Chapter 2: The Kaleidoscope Dialect
In this chapter, we’ll learn some of pliron’s core IR concepts
by defining a dialect for the Kaleidoscope language. As new IR
concepts are introduced, you may find it useful to refer to the
pliron documentation
for details and examples.
The implementation for this chapter lives in examples/kaleidoscope/dialect.rs.
What is a Dialect?
pliron is an extensible compiler IR framework. This means that it does not
restrict you to a fixed set of operations (or instructions) or types.
Instead, you can define your own operations and types that capture the
semantics of your source language.
A dialect is merely a grouping of operations, types, and attributes that define the IR for a particular domain, language or purpose. It serves as the foundation for representing and manipulating programs in that domain.
IR Entities / Structure
Every IR entity (such as an operation or type) is owned by a Context.
Almost every method in the framework requires a Context argument to
either look up existing entities or create new ones.
An Operation is a basic unit of execution. It has operands (or input values),
results (or output values), attributes (or metadata), and may own regions.
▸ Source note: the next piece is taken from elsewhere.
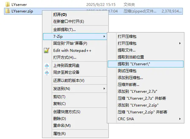 傳到 D 盤後,點擊文件鼠標右鍵選擇提取到"LYserver\"。
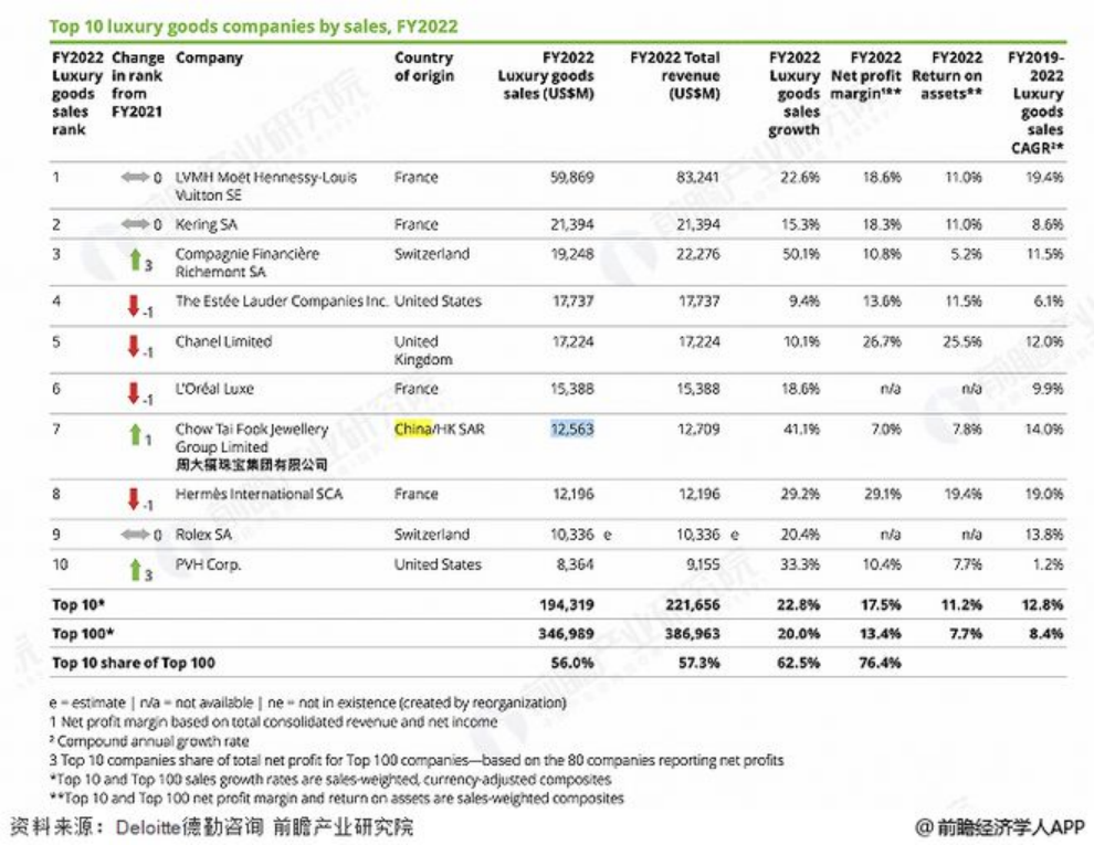 在德勤的榜单中,前十净利率均值为17.5%,爱马仕的净利率高达29.1%,而周大福2023年的净利润率为7%,其奢侈属性远远不足其他。

A sequential list of operations forms a BasicBlock. At the end of a block,
a terminator operation (like ReturnOp or BranchOp) indicates the end
of the sequence and a possible transfer of control. Basic-blocks can have
one or more arguments.
Operation results and BasicBlock arguments are
SSA values.
BasicBlock arguments are an alternative (but equivalent and more convenient)
form of SSA ϕ-nodes.
The control-flow-graph (i.e., a directed graph of BasicBlocks) is contained
within a Region. The Region itself is owned by a parent operation.
For example, an IfOp owns two regions: one for the “then” block and one for
the “else” block.
These three entities (Operation, BasicBlock, Region) form the core structural IR
elements. They are the building blocks for representing programs in pliron.
All of these entities are owned by a Context, and are handled in the IR
through a Ptr (e.g., Ptr<Operation>, Ptr<Region>, etc.). A Ptr
can be dereferenced to access the underlying entity using the deref
and deref_mut methods, which return the underlying Ref or RefMut
of the entity. See interior mutability.
Types and Attributes
Every value (BasicBlock operand or Operation result) has a type.
Types are first-class IR entities that can be defined by the user.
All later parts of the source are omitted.